Vortimer realised that the deadly effectiveness of his war machines was over, and they were now so much useless timber. The angle of the catapult could be changed to shorten the range, but with each readjustment Vortigern’s army drew closer to the river under the protection of the platforms. They were damaged – but were mostly intact.
What to do? What to do?
Vortimer didn’t dare to utter his fears aloud, but the calm brain that had visualised the piles of his father’s dead, stacked like cordwood where the catapults left them, was now confused and indecisive. If Vortigern’s warriors were allowed to cross the river, could he crush them without his machines, or would his father prevail?
What to do? What to do?
When in doubt, do nothing. How the Romans would have laughed at Vortimer’s inability to act. And how Vortigern
did
laugh!
As his son hunkered down on the riverbank, his war machines spent, Vortigern’s army reached the opposite bank. Shouted insults from Vortigern’s warriors made Vortimer quail in a shell of inadequacy that increased his indecision. He had always hated and feared his father, as is so often the case with weak men.

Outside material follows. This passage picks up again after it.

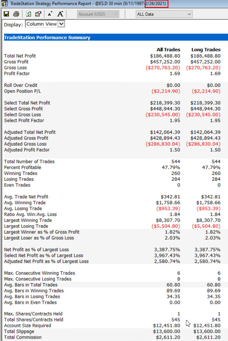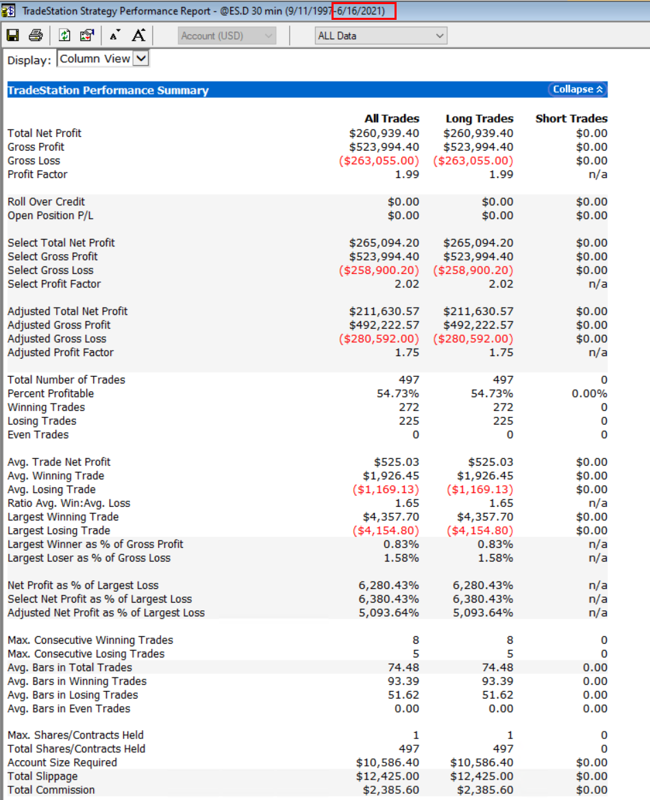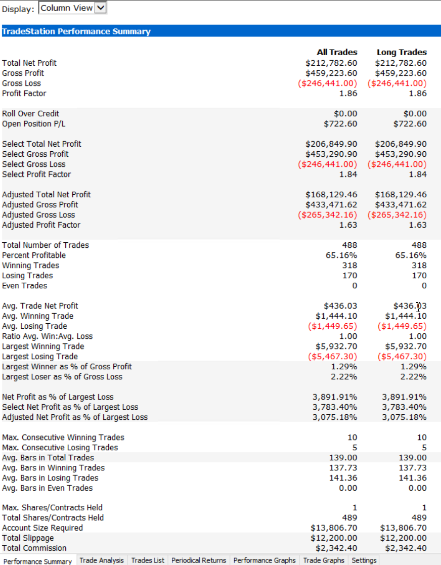 I also recommend NOT to optimize the stop and profit target in TS. This can be left as $4000 stop and $2750 P.T., or you can optimize this when the system is finished.

Meanwhile, Vortigern was hard at work.
The platforms were dragged to the rear and disassembled by the carpenters and a large team of labouring warriors. The ten large panels that remained after the carpenters had sawn off the wheels and heavy frames were dragged downstream along the riverbank to a spot where the old king intended to establish a new crossing point. There, those Celts who could swim took long lengths of strong rope across the river, secured them to trees along the opposite riverbank and then towed each of the platforms into place to form a makeshift bridge.